# PRAYER REQUEST PLEASE(UPDATE)



## sweetgoats (Oct 18, 2007)

We have a VERY dear friend (Scott) and his wife (Debbie). well over the years we have gotten to be VERY close wit Scot's mom and Step dad, they have treated my kids like their own Grand Kids and my Hubby and I like their kids.
Well we learned last week the Jay has inoperable Melanoma cancer. He had some spots removed last year and they said they had it all. Well this year he went for a check up and found out that it has spread to the liver, heart and eyes. They have only given him 3-6 months to live and if they do a very invasive chemo treatment they might be able to prolong his life a little longer.

Well the chemo and all was to start next week, but last night he could not breath and they called the Dr, and he had to get right to the hospital (it is a cancer hospital in Denver). They got 1-1/2 liters of fluid out of his lungs. He really really needs prayers and so does his wonderful wife Marilyn.

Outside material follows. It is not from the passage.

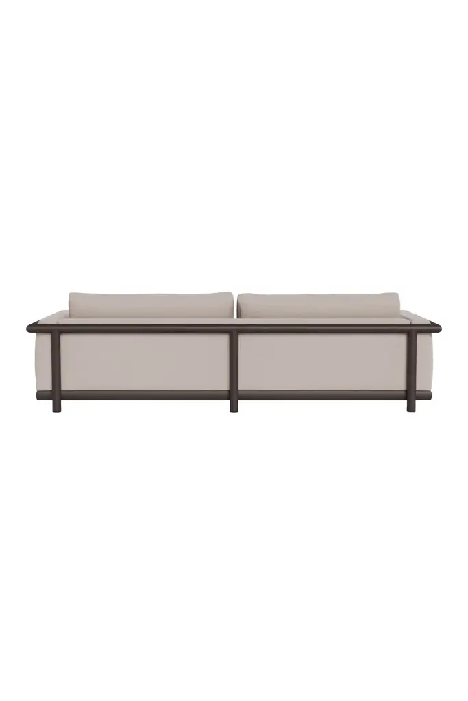Cayman boasts a generous bench cushion at medium height on a light bronze-colored, powder-coated, rust-proof extruded aluminum frame with side wall cushions for added comfort. Upholstered in taupe-colored, removable, cleanable, anti-mold, and waterproof fabric with outdoor foam fillings meaning it is suitable to be left outdoors. The tubular construction and a thin streamlined profile introduce a dynamic element to this classic look. This striking piece brings a contemporary aesthetic to any outdoor space.
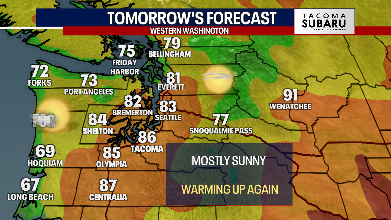 Highs will warm a few degrees again Thursday, with temperatures back into the 80s for the Puget Sound. Mostly sunny skies into the afternoon, with a few shower chances north.

Thank you so much. ray: ray:


----------



## Thanatos (Mar 16, 2009)

*Re: PRAYER REQUEST PLEASE*

ray: ray: ray:


----------



## LouLou (Mar 12, 2009)

*Re: PRAYER REQUEST PLEASE*

you got it! ray:


----------



## kelebek (Oct 5, 2007)

*Re: PRAYER REQUEST PLEASE*

I will think about you all!!!


----------



## toth boer goats (Jul 20, 2008)

*Re: PRAYER REQUEST PLEASE*

I will pray........ ray: ray: ray:


----------



## bheila (Jan 10, 2009)

*Re: PRAYER REQUEST PLEASE*

:hug: Prayers being sent ray:


----------



## deenak (Oct 10, 2007)

*Re: PRAYER REQUEST PLEASE*

I will pray for Scott and his family


----------



## liz (Oct 5, 2007)

*Re: PRAYER REQUEST PLEASE*

Prayers sent, a terminal disease is so very hard to deal with and no matter how long you know you have with a loved one, there is never enough time to tell them you love them. I pray that your loved ones know that they are not alone and that they have the strength and power of prayer to get them through.

I know how hard this is first hand. :hug:


----------



## StaceyRosado (Oct 5, 2007)

*Re: PRAYER REQUEST PLEASE*

Lori I am so sorry you are going through this. :hug: Prayers sent for him


----------



## Cinder (Mar 3, 2008)

*Re: PRAYER REQUEST PLEASE*

Lori - I'm so sorry for this devastating news. I'll be praying for him and his family (and yours) that he will be in peace and not in pain with whatever happens. :hug:


----------



## Iwantgoats (Oct 3, 2008)

*Re: PRAYER REQUEST PLEASE*

I'm so sorry and will but everyone in my prayers. My FIL went through this as well and I know how this must be for you and your family. :hug:


----------



## sweetgoats (Oct 18, 2007)

*Re: PRAYER REQUEST PLEASE*

I can not thank you enough. I know how powerful prayer can be ans withe this group of people, hey how can he not listen to us, Right?

Thanks so very much.


----------



## toth boer goats (Jul 20, 2008)

*Re: PRAYER REQUEST PLEASE*

Your so welcome Lori... :hug: ..It is amazing ......with the power of prayer..... ray:


----------



## RowdyKidz (Apr 2, 2009)

*Re: PRAYER REQUEST PLEASE*

Prayers being sent their way. ray: ray:

I know how that feels. Someone that is close to me had that in one of their eyes. Luckily they caught and stopped it in time.

I will be keeping them in my thoughts and prayers. ray:


----------



## powderhooves (Jan 30, 2009)

*Re: PRAYER REQUEST PLEASE*

Oh Lori I am so very sorry. I will also lift your friends up in prayer. Blessings your way.....


----------



## sweetgoats (Oct 18, 2007)

*Re: PRAYER REQUEST PLEASE*

He had his first round of Chemo and is now out of the hospital and will start radiation on his eye.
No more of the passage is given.